### SOURCE DATA
....................
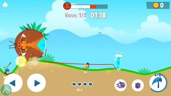 1、需要为猎人配备厉害的武器,不断升级自己的强大技能,都能够保护村庄不受到伤害。
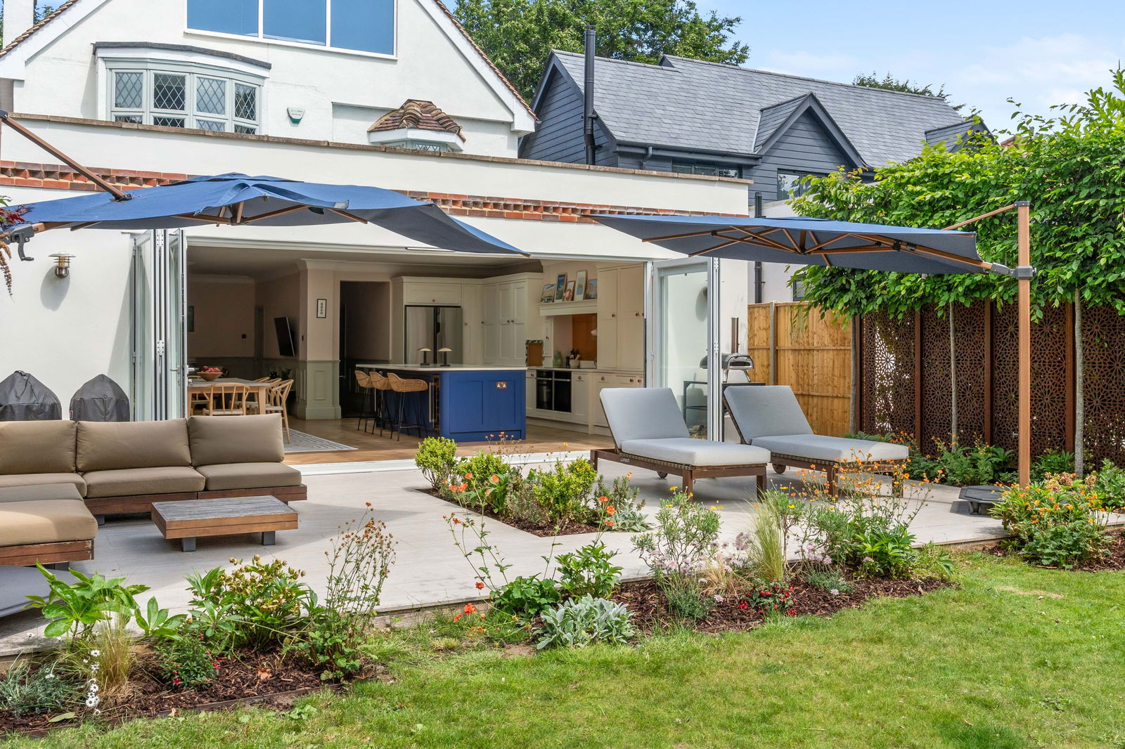 To the rear and providing the heart of the home is the fantastic and expansive bespoke kitchen/dining/living room, spanning the width of the property and featuring a substantial island/breakfast bar. Designed with modern family life in mind, this space works well for formal or informal dining. It connects to both the spacious living room area and through bi-folding doors to the south facing rear garden.
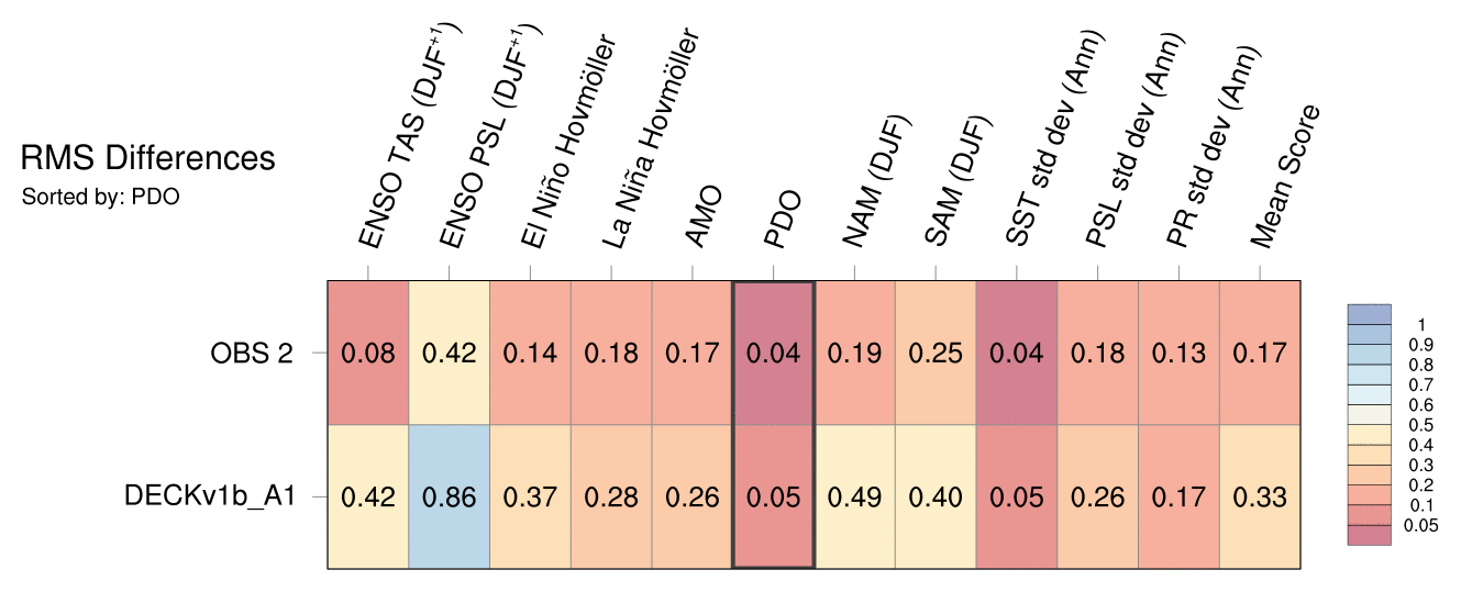 | Sort By: | Namelist (default) | Namelist (Alphabetically) | ENSO TAS | ENSO PSL | El Niño Hovmöller La Niña Hovmöller | AMO | PDO | NAM | SAM | SST std dev | PSL std dev | PR std dev | Mean Score |
....................
### THE PROBLEM
The job is to return the listing above exactly, minus its pictures.

### REPLY TO THE TASK
 1、需要为猎人配备厉害的武器,不断升级自己的强大技能,都能够保护村庄不受到伤害。
 To the rear and providing the heart of the home is the fantastic and expansive bespoke kitchen/dining/living room, spanning the width of the property and featuring a substantial island/breakfast bar. Designed with modern family life in mind, this space works well for formal or informal dining. It connects to both the spacious living room area and through bi-folding doors to the south facing rear garden.
 | Sort By: | Namelist (default) | Namelist (Alphabetically) | ENSO TAS | ENSO PSL | El Niño Hovmöller La Niña Hovmöller | AMO | PDO | NAM | SAM | SST std dev | PSL std dev | PR std dev | Mean Score |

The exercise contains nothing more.